WHAT TO DO: Look through the records below for the line with "- Location Type: Specify" and the line with "The SC6 colony", then return those lines and all lines between, exactly.

RECORDS FOR THIS TASK:
◇ ◇ ◇
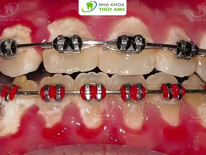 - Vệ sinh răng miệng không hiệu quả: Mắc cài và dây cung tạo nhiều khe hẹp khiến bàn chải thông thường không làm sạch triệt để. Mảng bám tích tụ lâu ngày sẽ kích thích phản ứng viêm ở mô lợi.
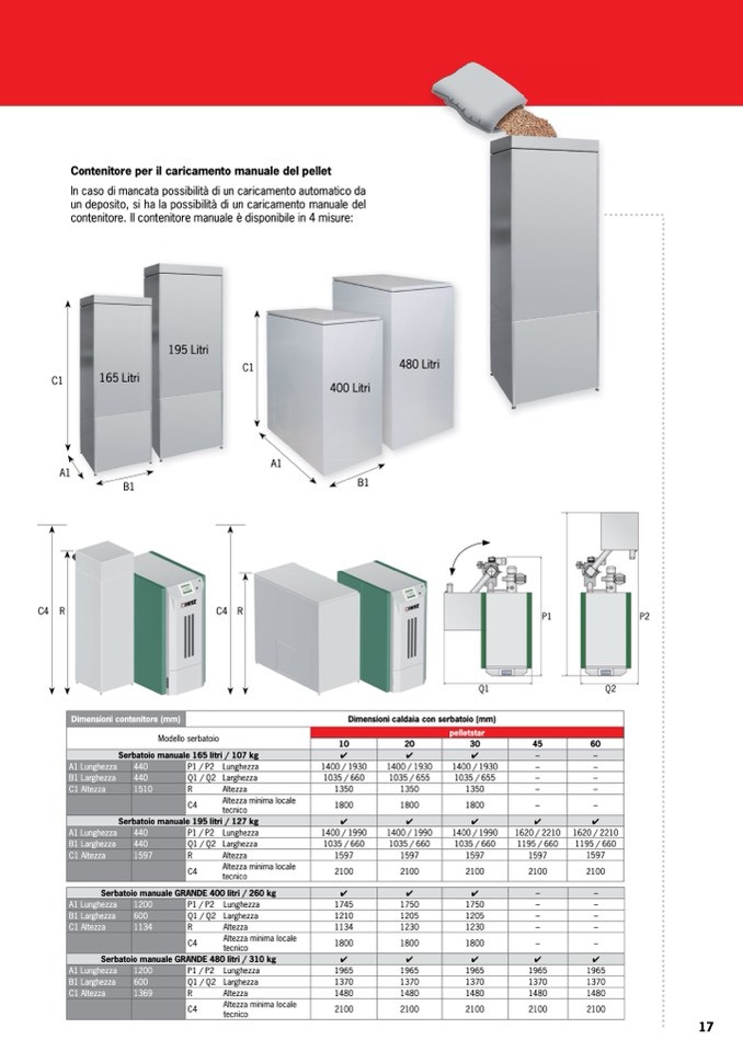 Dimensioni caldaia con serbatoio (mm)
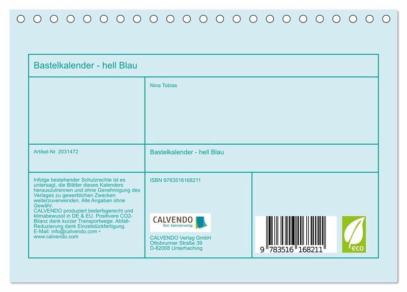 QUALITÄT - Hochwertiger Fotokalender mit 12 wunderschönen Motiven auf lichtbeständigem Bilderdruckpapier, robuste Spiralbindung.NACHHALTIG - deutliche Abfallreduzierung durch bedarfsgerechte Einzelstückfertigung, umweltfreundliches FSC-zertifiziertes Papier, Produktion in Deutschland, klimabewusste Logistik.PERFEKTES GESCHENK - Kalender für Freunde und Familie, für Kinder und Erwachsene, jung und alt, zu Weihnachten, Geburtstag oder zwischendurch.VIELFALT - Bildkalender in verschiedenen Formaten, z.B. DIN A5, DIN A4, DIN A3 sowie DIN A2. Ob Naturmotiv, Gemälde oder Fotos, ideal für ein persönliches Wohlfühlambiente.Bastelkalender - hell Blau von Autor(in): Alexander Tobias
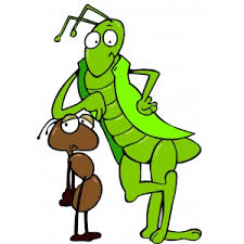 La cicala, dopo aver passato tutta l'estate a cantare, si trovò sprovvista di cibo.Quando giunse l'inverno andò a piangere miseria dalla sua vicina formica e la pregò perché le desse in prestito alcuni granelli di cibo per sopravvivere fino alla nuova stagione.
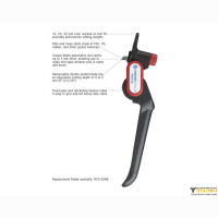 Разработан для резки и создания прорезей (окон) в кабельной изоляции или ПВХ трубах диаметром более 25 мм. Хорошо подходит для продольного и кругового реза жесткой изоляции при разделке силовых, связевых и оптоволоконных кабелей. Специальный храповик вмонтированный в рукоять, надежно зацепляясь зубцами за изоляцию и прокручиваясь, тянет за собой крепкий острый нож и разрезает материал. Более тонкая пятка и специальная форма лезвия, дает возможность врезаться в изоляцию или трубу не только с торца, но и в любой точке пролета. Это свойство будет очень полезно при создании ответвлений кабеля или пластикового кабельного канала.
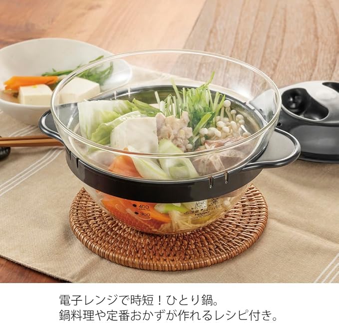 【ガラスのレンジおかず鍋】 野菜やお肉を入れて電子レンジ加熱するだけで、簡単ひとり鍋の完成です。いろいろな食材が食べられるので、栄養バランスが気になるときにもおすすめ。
◇ ◇ ◇
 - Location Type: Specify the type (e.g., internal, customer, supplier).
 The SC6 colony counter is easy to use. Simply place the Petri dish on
◇ ◇ ◇
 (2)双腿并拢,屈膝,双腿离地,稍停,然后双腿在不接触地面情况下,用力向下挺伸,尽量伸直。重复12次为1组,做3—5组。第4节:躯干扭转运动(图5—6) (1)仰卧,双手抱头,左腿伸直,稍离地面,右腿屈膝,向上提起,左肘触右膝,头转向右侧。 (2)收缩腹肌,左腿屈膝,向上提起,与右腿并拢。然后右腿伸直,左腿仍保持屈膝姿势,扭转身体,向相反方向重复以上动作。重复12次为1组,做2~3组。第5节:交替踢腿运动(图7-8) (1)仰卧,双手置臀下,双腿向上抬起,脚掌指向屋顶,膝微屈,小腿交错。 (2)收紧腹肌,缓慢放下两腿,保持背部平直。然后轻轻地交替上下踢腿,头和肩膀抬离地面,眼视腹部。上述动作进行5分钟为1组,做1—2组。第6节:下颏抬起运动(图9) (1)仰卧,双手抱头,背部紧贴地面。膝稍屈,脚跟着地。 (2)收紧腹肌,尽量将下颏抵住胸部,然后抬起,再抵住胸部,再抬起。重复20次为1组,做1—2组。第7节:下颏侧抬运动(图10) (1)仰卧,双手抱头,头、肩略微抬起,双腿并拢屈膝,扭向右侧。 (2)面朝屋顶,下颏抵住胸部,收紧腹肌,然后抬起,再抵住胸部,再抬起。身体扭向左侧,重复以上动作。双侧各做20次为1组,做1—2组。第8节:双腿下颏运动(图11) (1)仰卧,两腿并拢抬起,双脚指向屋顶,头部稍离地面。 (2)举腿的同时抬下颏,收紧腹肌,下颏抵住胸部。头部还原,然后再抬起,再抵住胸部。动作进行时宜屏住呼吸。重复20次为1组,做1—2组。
◇ ◇ ◇
RESULT OF THIS TASK:
 - Location Type: Specify the type (e.g., internal, customer, supplier).
 The SC6 colony counter is easy to use. Simply place the Petri dish on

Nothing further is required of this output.